3 “Switch” collapses across the levels “switch central” and “switch peripheral” because it is not possible for a second central target stimulus to mismatch the first target stimulus at the level of “switch central” but also because these two conditions typically yield similar RT effects. Note that all of the reported effects are significant even if “switch central” trials are removed from the analysis.

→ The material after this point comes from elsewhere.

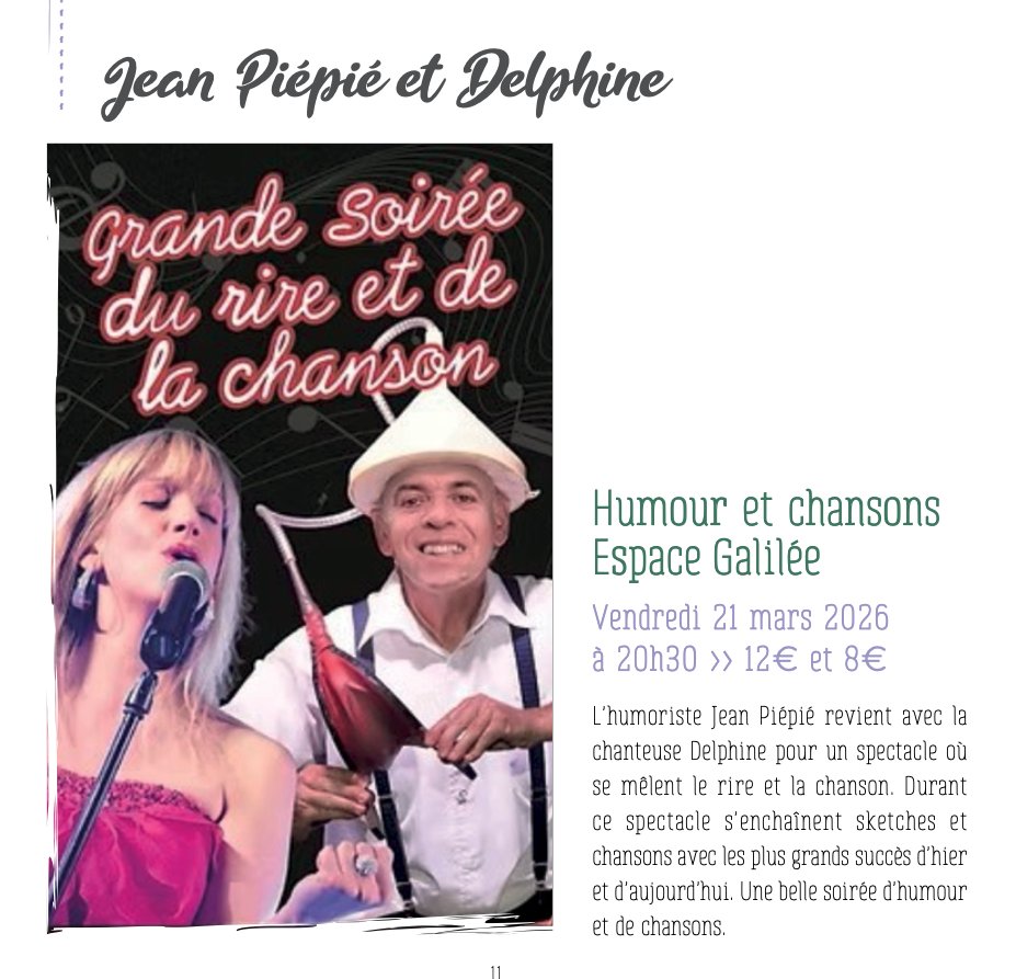 L'humoriste Jean Piépié revient avec la chanteuse Delphine pour un spectacle ou se mêlent le rire et la chanson. Durant ce spectacle s'enchaînent sketches et chansons avec les plus grands succès d'hier et d'aujourd'hui. Une belle soirée d'humour et de chansons.
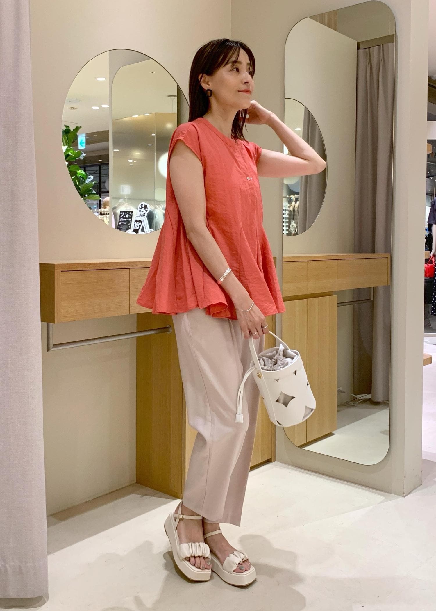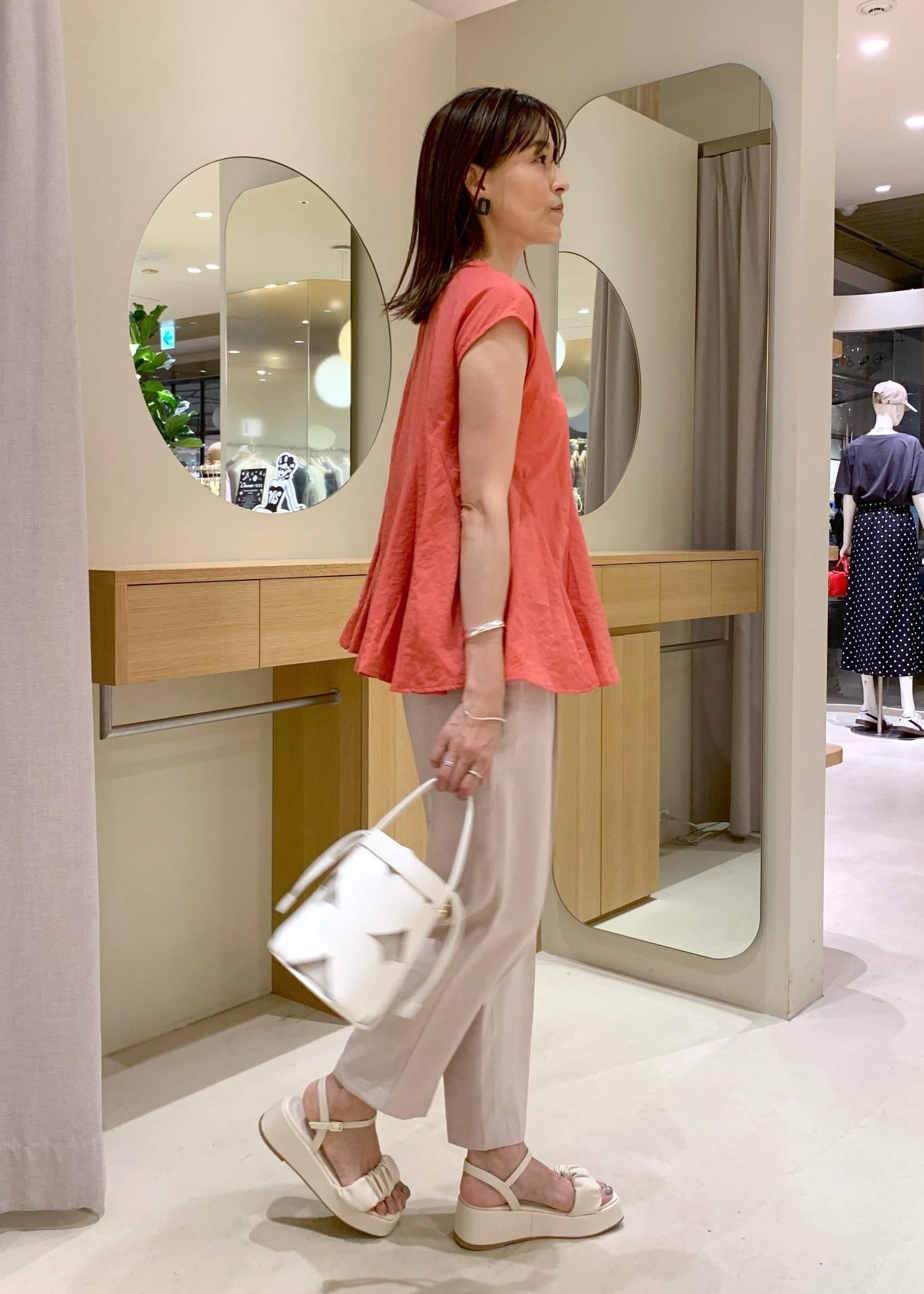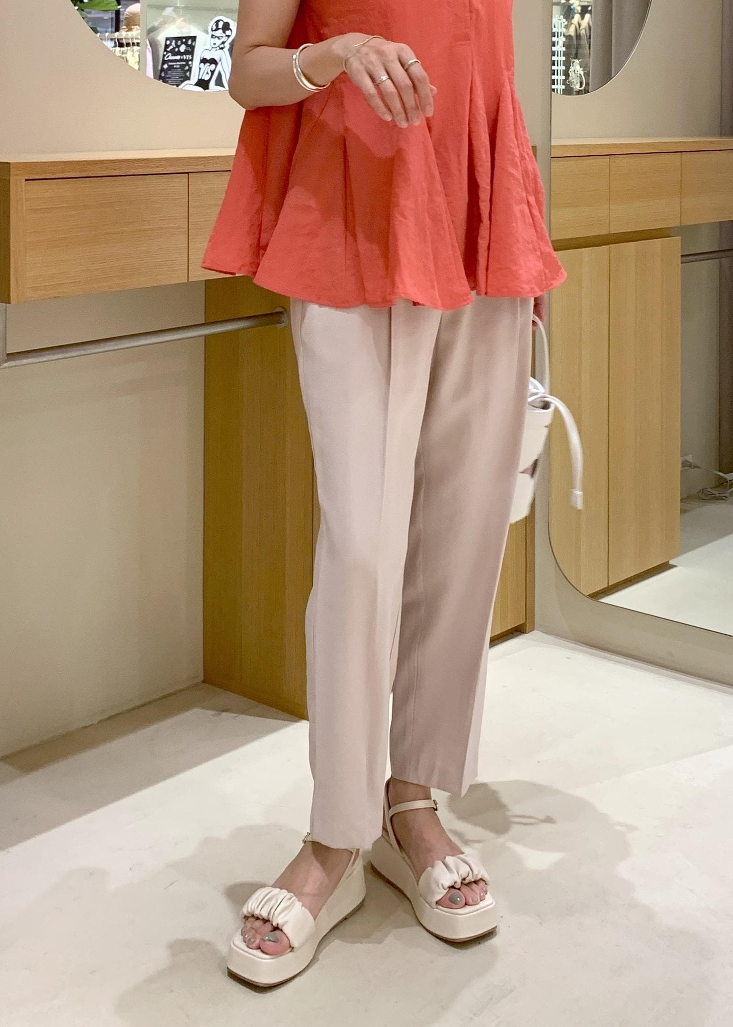 テーパード型でヒップ周りにゆとりがあり、膝下はスッキリ見えですので体型カバーにもピッタリですよ。

4 The interactions involving the Intervening Event Condition are obviously confounded by longer TTOAs when there are intervening events. Nevertheless, it seems reasonably clear that the intervening event, not the TTOA difference, is mainly responsible for the interactions. First, regarding the interaction between Intervening Event and Stimulus-Response repetition, Spadaro et al. (Citation2012; Experiment 1A) have already shown normal RT advantages for stimulus-response repetition without intervening events at TTOAs of 2–3 s and disadvantages for stimulus-response repetition with intervening events also at TTOAs of 2–3 s. Second, we re-analyzed the data in the “Follow-up analysis”, except we only included intervening event trials with 800 ms (not 1000 ms) intervals between the first target stimulus and intervening event and we only included non-intervening event trials with response stimulus intervals of 2100 ms. Thus, the TTOAs for trials with and without intervening events were on average within about one-tenth of a second of one other. Furthermore, we collapsed across Second Target Stimulus Location because this did not interact with the Intervening Event Condition. The interaction between Intervening Event and Stimulus-Response Repetition [F(1, 19) = 5.67, MSE = 529, p = .0279, h2 = 0.0047] and the interaction among Intervening Event, Stimulus-Response Repetition, and Location Repetition [F(1, 19) = 10.14, MSE = 292, p = .005, h2 = 0.0047] remained significant.